Previewing the book to journalists at the recently held Gartner IT symposium in Cape Town, Uzureau said that a great deal of contradictory information is floating around the market. “On the one hand, many observers applaud blockchain as the solution to an impossible range of problems but on the other hand, companies that have launched Blockchain in operational deployments did not achieve cost savings nor derive value.”

Unrealistic expectations and the crash of cryptocurrencies in 2018 has moved Blockchain into the disillusionment zone or, in Gartner terminology, into a “Blockchain winter”.
Formally, blockchain is defined as a digital mechanism to create a distributed digital ledger on which two or more participants in a peer to peer network can exchange information and assets directly without the need for a trusted intermediary.” Informally, Gartner says it means that business can be done with an unknown partner located anywhere on the planet and trade assets of any transaction size without the need of a lawyer, bank or any other intermediary. Perhaps this is still a scary thought for most companies!

The basics

Blockchain authenticates the participants and validates that they own the assets they want to exchange, and that the transaction can take place. The information pertaining to the transaction is recorded in a digital ledger, a copy of which is held and updated independently by each participant in the network. Records are not changeable but time-stamped, encrypted and linked to each other in blocks. Each block is a cluster of about 2000 transactions.

The five elements of block chain

Blockchain combines exciting technologies and techniques into a novel architecture composed of five elements. Various developers and early implementers of Blockchain have ranked the five elements in a different order and also developed new terminology, but here are Gartner’s:


Blockchain participants are physically removed from each other and are connected on a network. Each participant operating a full node maintains a complete copy of the ledger, which updates with new transactions as they occur. Nodes are the machines owned or used by participants and equipped to run the consensus algorithm.


Blockchain uses technology such as public and private keys to record the data in the blocks securely and semi-anonymously (participants have pseudonyms). Participants can control their personal identity and other information and share only what they need in a transaction.

Immutability (unchangeable)

Completed transactions are cryptographically signed, time stamped and sequentially added to the ledger. Records cannot be corrupted or otherwise changed unless participants agree to do so. Such an agreement is known as a fork. According to Wikipedia, forks are related to the fact that different parties need to use common rules to maintain the history of the blockchain. When parties are not in agreement, alternative chains may emerge. While most forks are short-lived, some are permanent. Short-lived forks are due to the difficulty of reaching fast consensus in a distributed system. Whereas permanent forks (in the sense of protocol changes) have been used to add new features to a blockchain, to reverse the effects of hacking, or catastrophic bugs on a blockchain.

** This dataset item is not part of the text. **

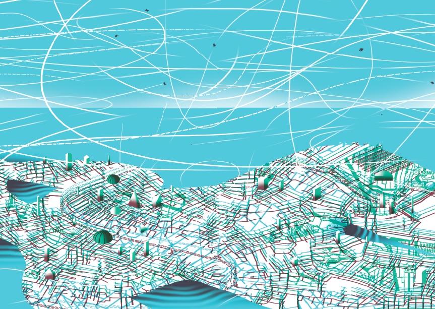 Na mape Smeraldíny by mali byť atramentmi rozličných farieb vyznačené všetky tieto trasy, na súši aj na vode, viditeľné aj skryté. Ťažšie je vyznačiť na papieri let lastovičiek, ktoré rozrážajú ovzdušie nad strechami, s nehybnými krídlami klesajú po neviditeľných parabolách, prudko vzlietajú, aby v letku schmatli komára, vzápätí znovu v špirále stúpajú nahor, tesne popri štíhlej vežičke: a v každom bode ich vzdušných trás prevyšujú všetky body mesta.

Transactions and other interactions involve the secure exchange of value in the form of tokens. Digital markets can function more effectively with tokens and need to create them for various reasons. Tokens might function as digital representations of physical assets, as a reward mechanism to incentivise network participants or to enable the creation and exchange forms of value. They also allow participants to control their personal data.


Both network information and rules for how the network operates are maintained by multiple computers or nodes on a distributed network. In practice decentralisation means that no single entity controls all the computers or information or dictates the rules. Every node maintains an identical encrypted copy of the network record.
A consensus-mechanism operated by each full node verifies and approves transactions. This decentralised consensus-driven structure removes the need for governance by central authority and acts as a fail-safe against fraud and bad transactions.

Uzureau says, “One has choices to make for how Blockchain will evolve in an organisation, market and society. Blockchain has been touted as a revolutionary technology to re-engineer business processes but on the other hand the real business of Blockchain is to create new markets, industries, types of consumer and shapes societal engagement with new organisational models.” Blockchain is a technology to watch!